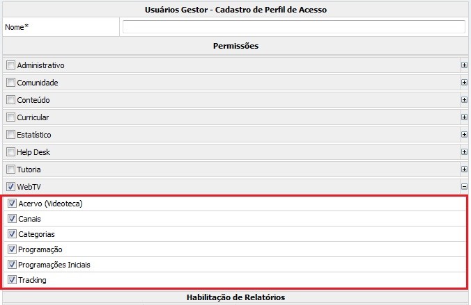 Não é obrigatório selecionar todas as opções dentro de um menu. Habilite apenas os recursos que deseja incluir no novo Perfil de acesso.
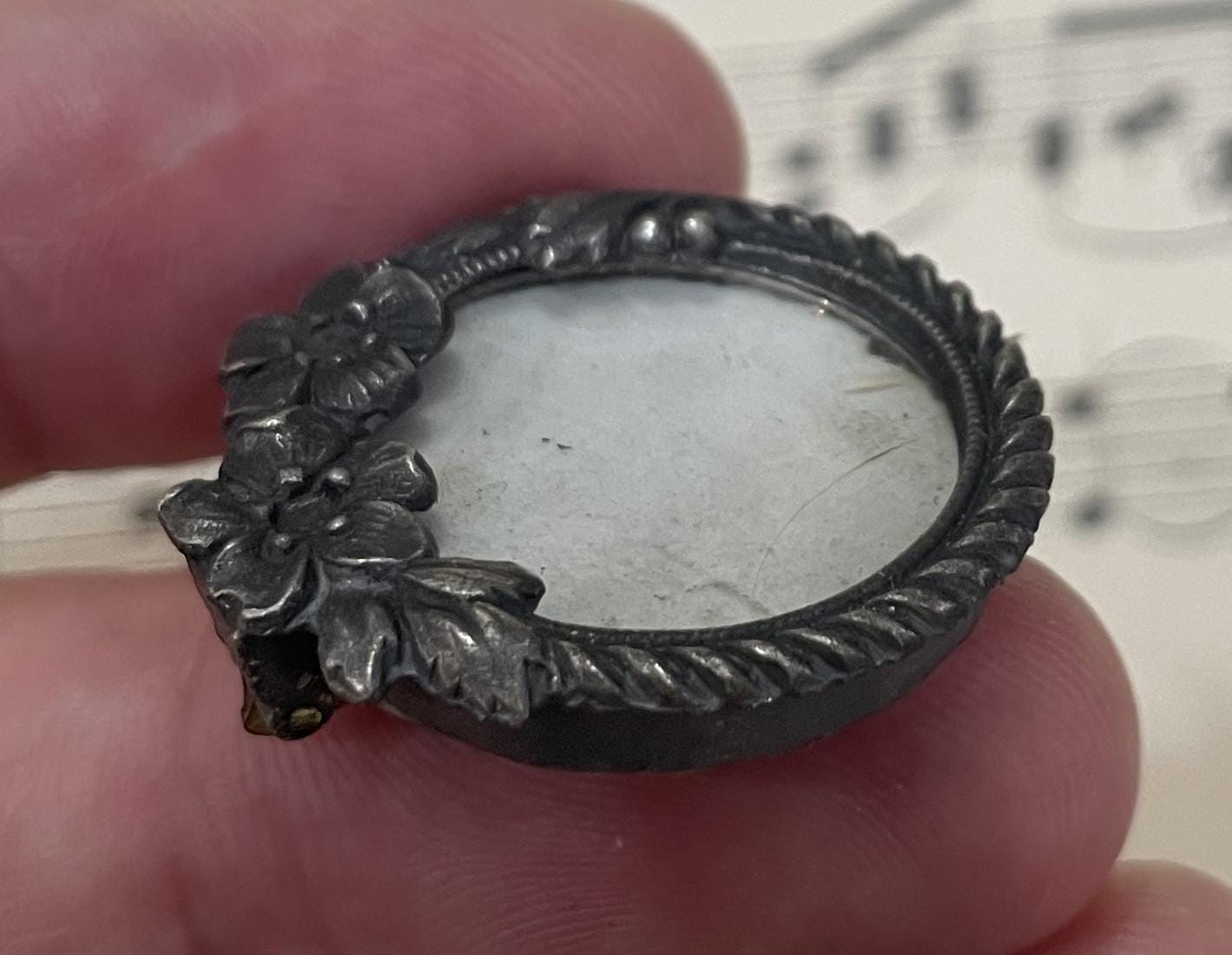 Antique French Art Nouveau Brooch Photo Holder Flowers c1920
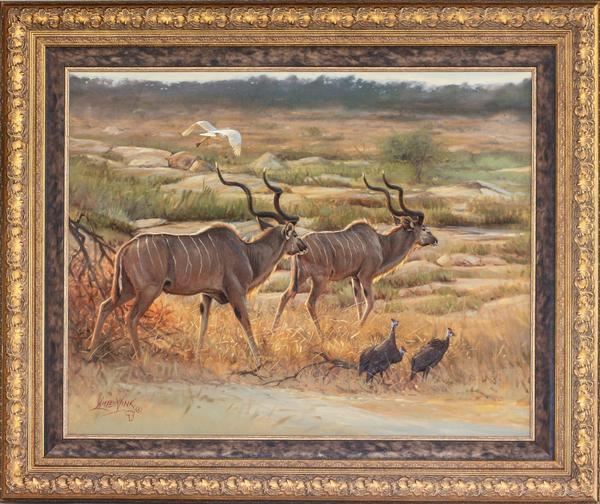 Call Of Africa Galleries has donated an Original Oil on Canvas featuring two kudu and birds on plane titled 'Direction Thirst' by acclaimed wildlife artist Lute Vink. With a deep understanding and respect for wildlife and nature, Lute Vink's favorite pastime is visiting game parks, where he not only gets his reference material, but also where he finds his inspiration. With a detailed colour palette and careful, considerate attention to lighting, his masterful brushstroke brings a fresh, personal and contemporary approach to his magnificent and highly desirable artwork. Comes with 41-in. by 49-in custom frame. For more information, contact Ross Parker at (954) 445-8252 and visit www.callofafrica.com.
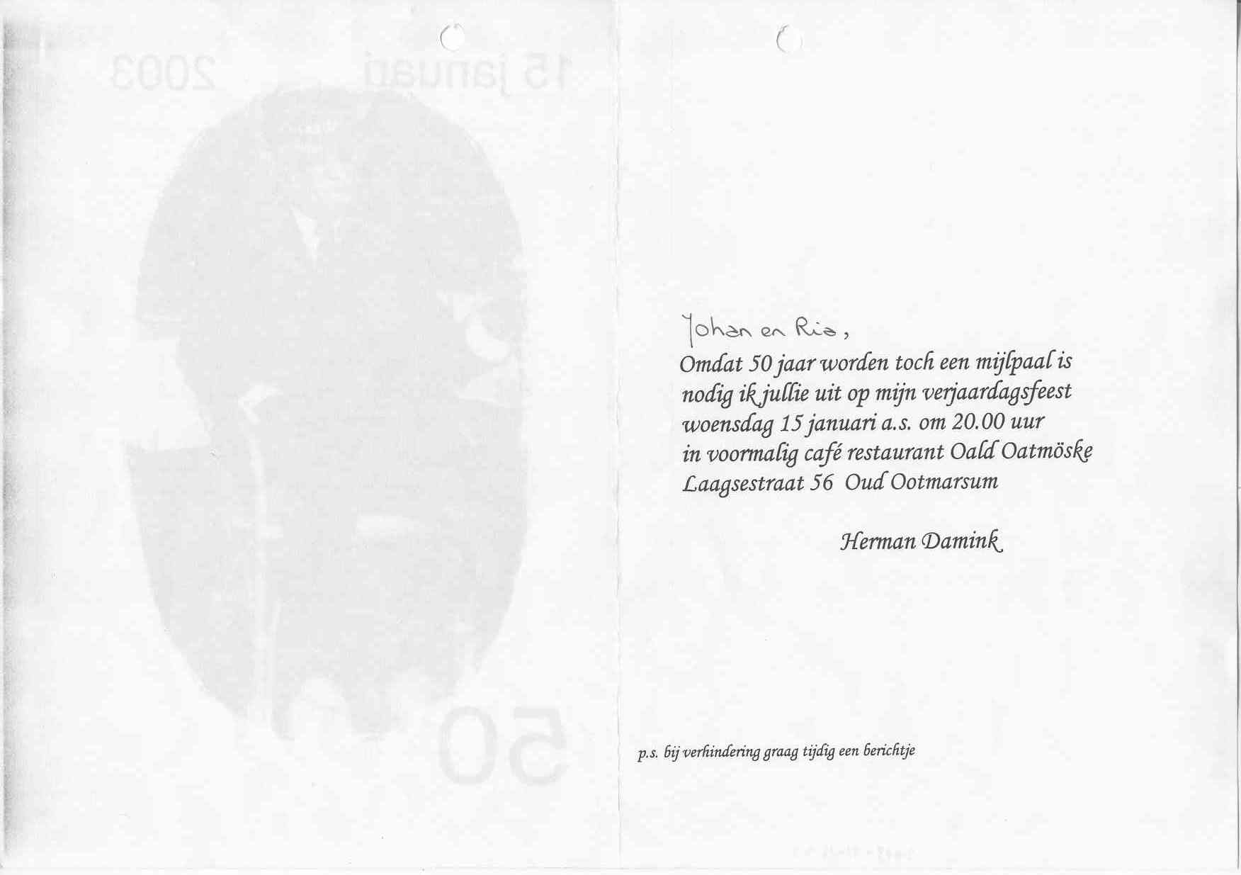 Feest van de 50 jarige Herman Damink bij café-restaurant Oald Oatmöske in oud Ootmarsum.
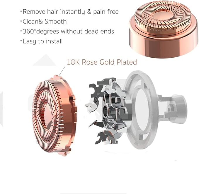 - 18K-gold plating of the tuokiy replacement head is providing the feature of hypoallergenic. You can removes your facial fair smoother and feel more comfortable with the Special Designed blade cover for smooth and painless hair removal.
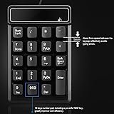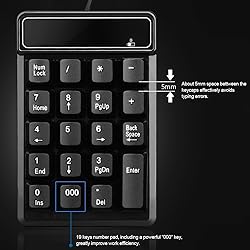 Plug and Play: USB wired connection via USB port, no drivers needed, plug and play. User-friendly: Full-size 19 keys number pad, including a powerful "000" key, greatly improve work efficiency. Comfotable: Integrated ergonomic tilt reduces strain, great for those working on spreadsheets, accounting files or financial applications. Mechanical Feel: Suspended keycaps provides mechanical feel keystroke. Curved surfaces fits the shape of your finger and ensures comfortable typing. Crater design keycaps are higher than the bottom board, no need to worry about splashing water by accident.
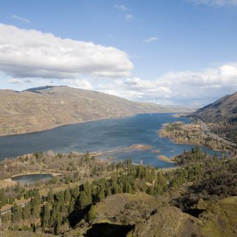 Il Parco Statale Mayer si estende lungo le gole del fiume Columbia, con una baia riparata, zone forestali di pini ponderosa e il punto panoramico Rowena Crest.
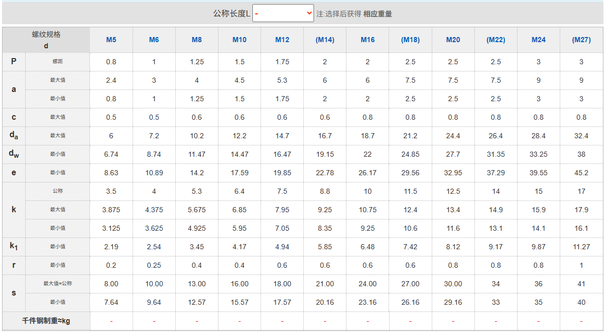 3. 螺纹长度(l):全螺纹设计,长度范围根据螺纹规格不同,例如M6的商品长度范围为10-60mm,M10为16-100mm。
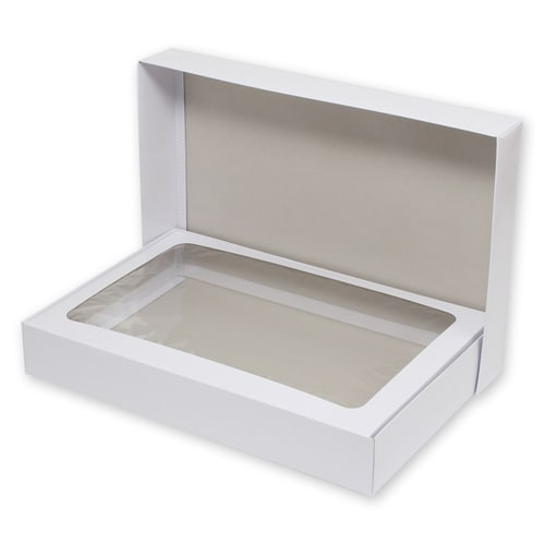 材質:フタ:白板紙450g(裏面鼠色)+表面光沢加工/身:白板紙450g(裏面鼠色) | 仕様:フタは表面に光沢を持たせ、中枠は透明フィルムが貼ってあ…
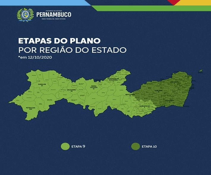 A partir da próxima segunda-feira (12), as Geres IX e X, encabeçadas pelas cidades-polo Ouricuri e Afogados da Ingazeira, no Sertão de Pernambuco, foram autorizadas a avançar para a Etapa 9 do Plano de Convivência com a Covid-19, após análise do Gabinete de Enfrentamento ao Novo Coronavírus no Estado. Ao todo, 23 municípios poderão ampliar os horários de funcionamento dos serviços de alimentação, como restaurantes, lanchonetes, cafés, bares e similares, que terão carga horária de funcionamento estendida em mais duas horas e passarão a operar das 6h até a meia-noite. A capacidade de lotação também será ampliada de 50% para 70%. Essas cidades também poderão reabrir cinemas e teatros sob novos protocolos, já com a autorização de venda e consumo […]
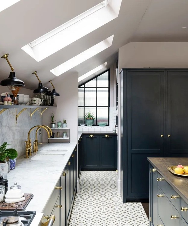 یک طراح، میگوید: «در یک تغییر جسورانه از کابینتهای کلاسیک تمام سفید یا روکش چوبی، صاحبخانهها اکنون کابینتهای سرمهای تیره یا سبز زمردی غنی را انتخاب میکنند که جلوهای قوی و پیچیده ایجاد میکنند.
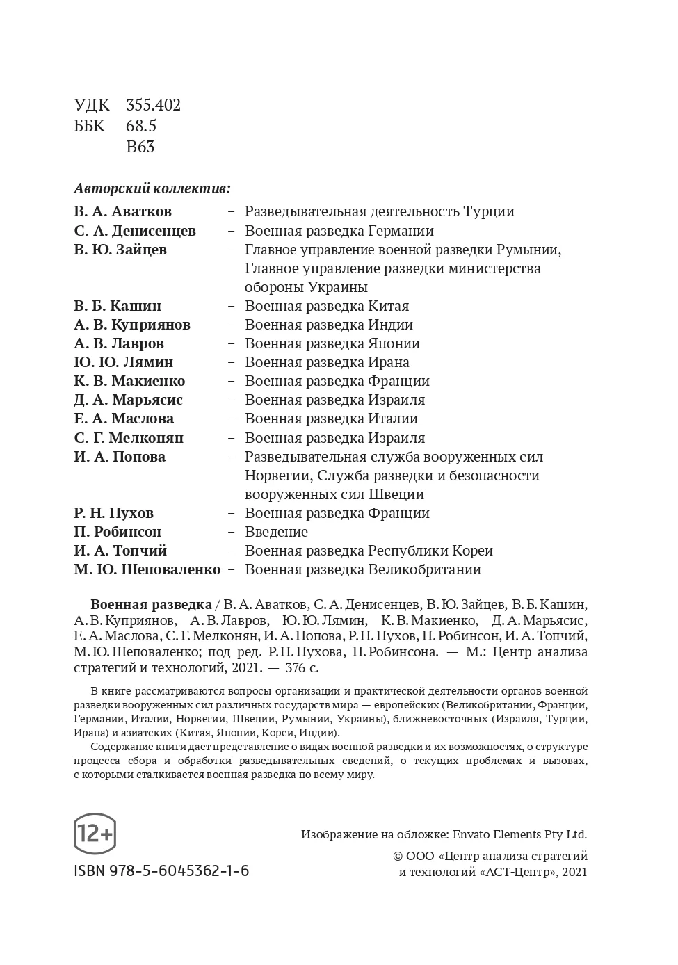 В книге рассматриваются различные виды разведки, процесс сбора и обработки разведывательных данных, особенности организации разведывательных служб в армиях разных стран, а также текущие проблемы и вызовы, с которыми сталкивается военная разведка во всём мире.
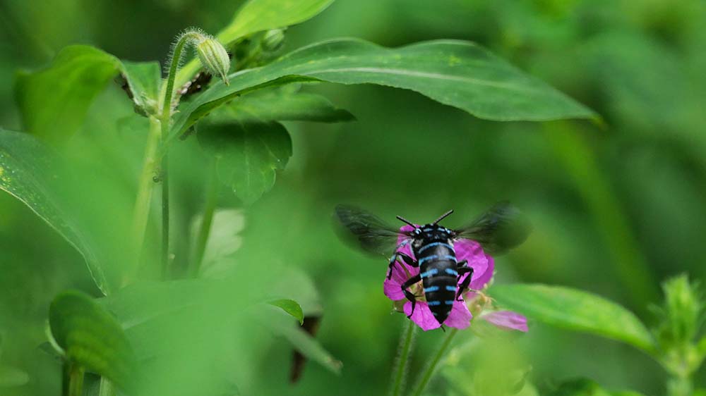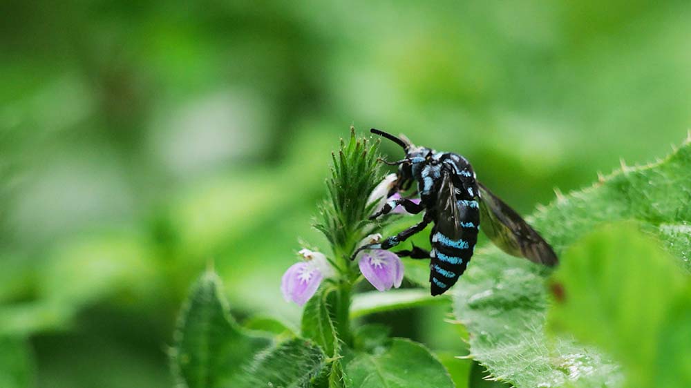 県民の森で撮影したブルービー(ルリモンハナバチ)
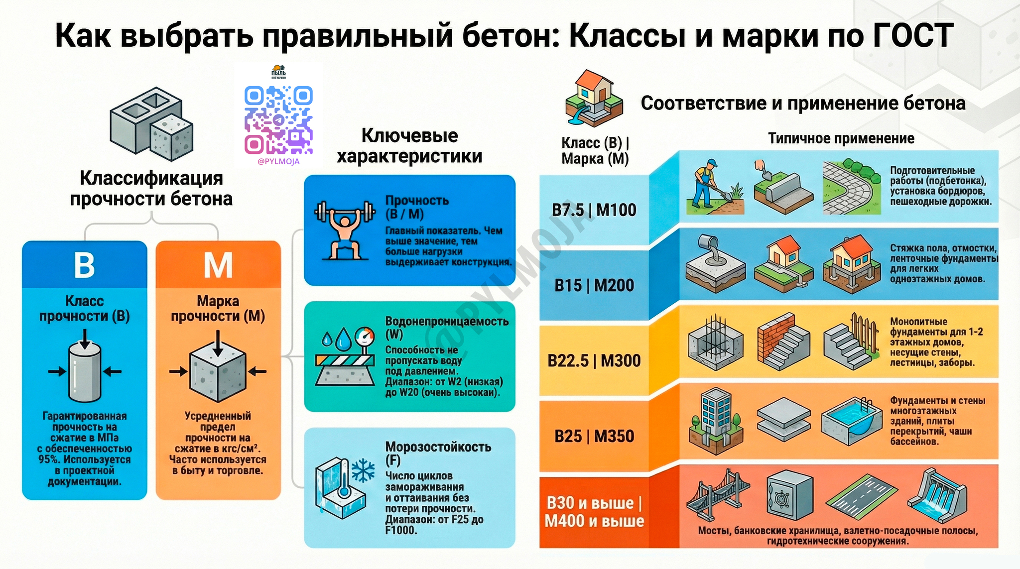 Представленная информация носит ознакомительный характер и помогает получить общее представление о классах и марках бетона. Для выбора состава и класса бетона в каждом конкретном случае необходимо выполнять инженерный расчёт, учитывая:
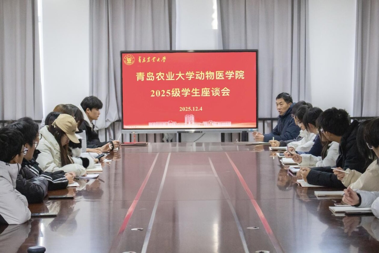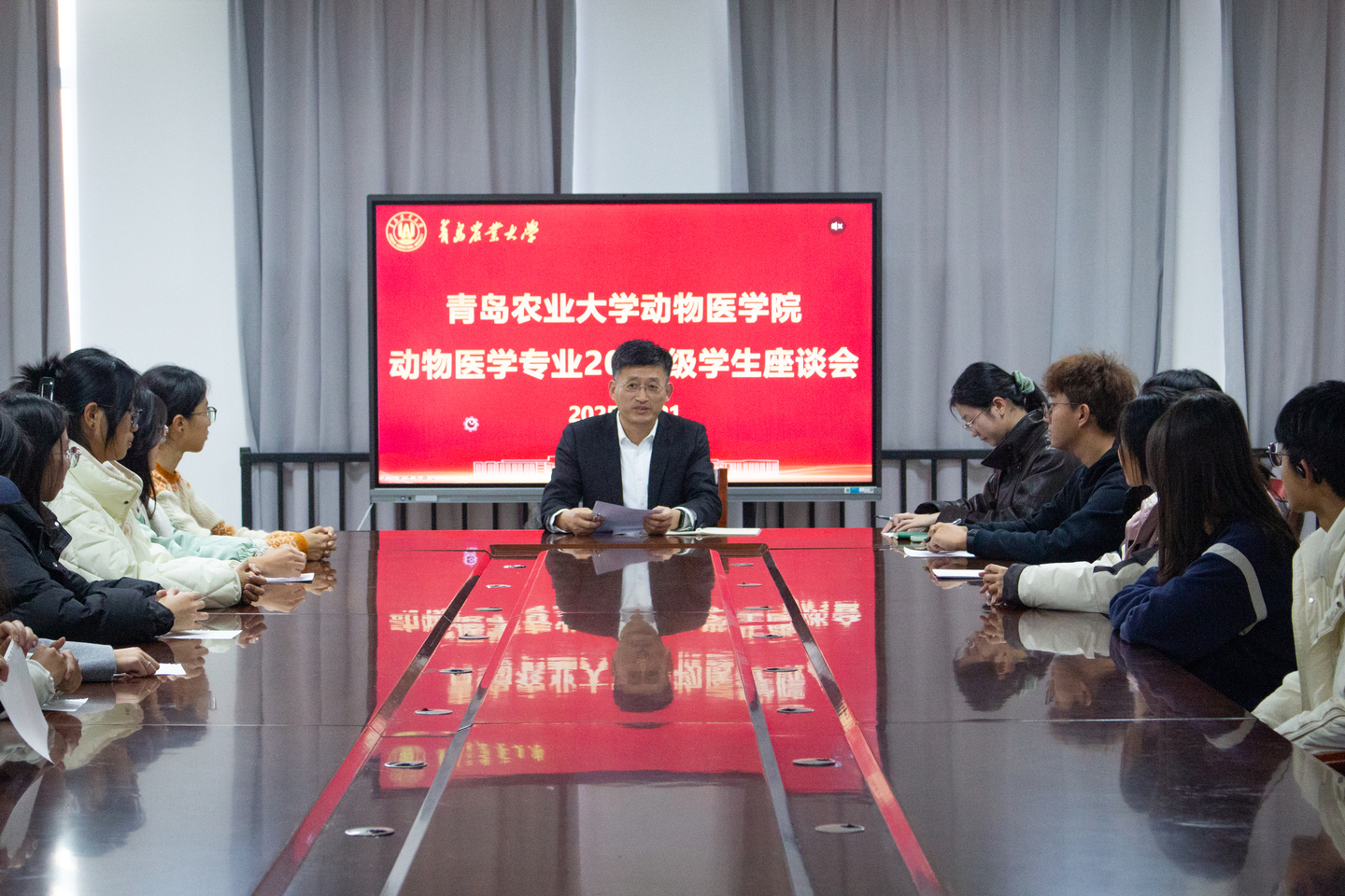 11月21日,学院在平度校区召开动物医学专业2025级学生座谈会。学院党委书记展学斌与动物医学专业2025级4班学生进行了座谈交流,深入了解学生入学后的学习生活状况。座谈会由辅导员闫书铭主持。班长和团支书分别汇报了班级情况,与会同学逐一发言,分享了入学以来的收获与体会。展学斌认真听取发言,并围绕同学们关心的学业适应、时间管理、专业认知等问题,与大家进行了交流。他鼓励同学们树立远大理想,将个人成长融入行业发展与国家需要,并对同学们提出三点希望:一是开阔格局视野,明确发展目标;二是聚焦学习主业,夯实专业基础;三是注重全面发展,促进身心健康。

Action item: Extract the full listing above verbatim; pictures are to be left out of the copy.

Answer to this task:
 Não é obrigatório selecionar todas as opções dentro de um menu. Habilite apenas os recursos que deseja incluir no novo Perfil de acesso.
 Antique French Art Nouveau Brooch Photo Holder Flowers c1920
 Call Of Africa Galleries has donated an Original Oil on Canvas featuring two kudu and birds on plane titled 'Direction Thirst' by acclaimed wildlife artist Lute Vink. With a deep understanding and respect for wildlife and nature, Lute Vink's favorite pastime is visiting game parks, where he not only gets his reference material, but also where he finds his inspiration. With a detailed colour palette and careful, considerate attention to lighting, his masterful brushstroke brings a fresh, personal and contemporary approach to his magnificent and highly desirable artwork. Comes with 41-in. by 49-in custom frame. For more information, contact Ross Parker at (954) 445-8252 and visit www.callofafrica.com.
 Feest van de 50 jarige Herman Damink bij café-restaurant Oald Oatmöske in oud Ootmarsum.
 - 18K-gold plating of the tuokiy replacement head is providing the feature of hypoallergenic. You can removes your facial fair smoother and feel more comfortable with the Special Designed blade cover for smooth and painless hair removal.
 Plug and Play: USB wired connection via USB port, no drivers needed, plug and play. User-friendly: Full-size 19 keys number pad, including a powerful "000" key, greatly improve work efficiency. Comfotable: Integrated ergonomic tilt reduces strain, great for those working on spreadsheets, accounting files or financial applications. Mechanical Feel: Suspended keycaps provides mechanical feel keystroke. Curved surfaces fits the shape of your finger and ensures comfortable typing. Crater design keycaps are higher than the bottom board, no need to worry about splashing water by accident.
 Il Parco Statale Mayer si estende lungo le gole del fiume Columbia, con una baia riparata, zone forestali di pini ponderosa e il punto panoramico Rowena Crest.
 3. 螺纹长度(l):全螺纹设计,长度范围根据螺纹规格不同,例如M6的商品长度范围为10-60mm,M10为16-100mm。
 材質:フタ:白板紙450g(裏面鼠色)+表面光沢加工/身:白板紙450g(裏面鼠色) | 仕様:フタは表面に光沢を持たせ、中枠は透明フィルムが貼ってあ…
 A partir da próxima segunda-feira (12), as Geres IX e X, encabeçadas pelas cidades-polo Ouricuri e Afogados da Ingazeira, no Sertão de Pernambuco, foram autorizadas a avançar para a Etapa 9 do Plano de Convivência com a Covid-19, após análise do Gabinete de Enfrentamento ao Novo Coronavírus no Estado. Ao todo, 23 municípios poderão ampliar os horários de funcionamento dos serviços de alimentação, como restaurantes, lanchonetes, cafés, bares e similares, que terão carga horária de funcionamento estendida em mais duas horas e passarão a operar das 6h até a meia-noite. A capacidade de lotação também será ampliada de 50% para 70%. Essas cidades também poderão reabrir cinemas e teatros sob novos protocolos, já com a autorização de venda e consumo […]
 یک طراح، میگوید: «در یک تغییر جسورانه از کابینتهای کلاسیک تمام سفید یا روکش چوبی، صاحبخانهها اکنون کابینتهای سرمهای تیره یا سبز زمردی غنی را انتخاب میکنند که جلوهای قوی و پیچیده ایجاد میکنند.
 В книге рассматриваются различные виды разведки, процесс сбора и обработки разведывательных данных, особенности организации разведывательных служб в армиях разных стран, а также текущие проблемы и вызовы, с которыми сталкивается военная разведка во всём мире.
 県民の森で撮影したブルービー(ルリモンハナバチ)
 Представленная информация носит ознакомительный характер и помогает получить общее представление о классах и марках бетона. Для выбора состава и класса бетона в каждом конкретном случае необходимо выполнять инженерный расчёт, учитывая:
 11月21日,学院在平度校区召开动物医学专业2025级学生座谈会。学院党委书记展学斌与动物医学专业2025级4班学生进行了座谈交流,深入了解学生入学后的学习生活状况。座谈会由辅导员闫书铭主持。班长和团支书分别汇报了班级情况,与会同学逐一发言,分享了入学以来的收获与体会。展学斌认真听取发言,并围绕同学们关心的学业适应、时间管理、专业认知等问题,与大家进行了交流。他鼓励同学们树立远大理想,将个人成长融入行业发展与国家需要,并对同学们提出三点希望:一是开阔格局视野,明确发展目标;二是聚焦学习主业,夯实专业基础;三是注重全面发展,促进身心健康。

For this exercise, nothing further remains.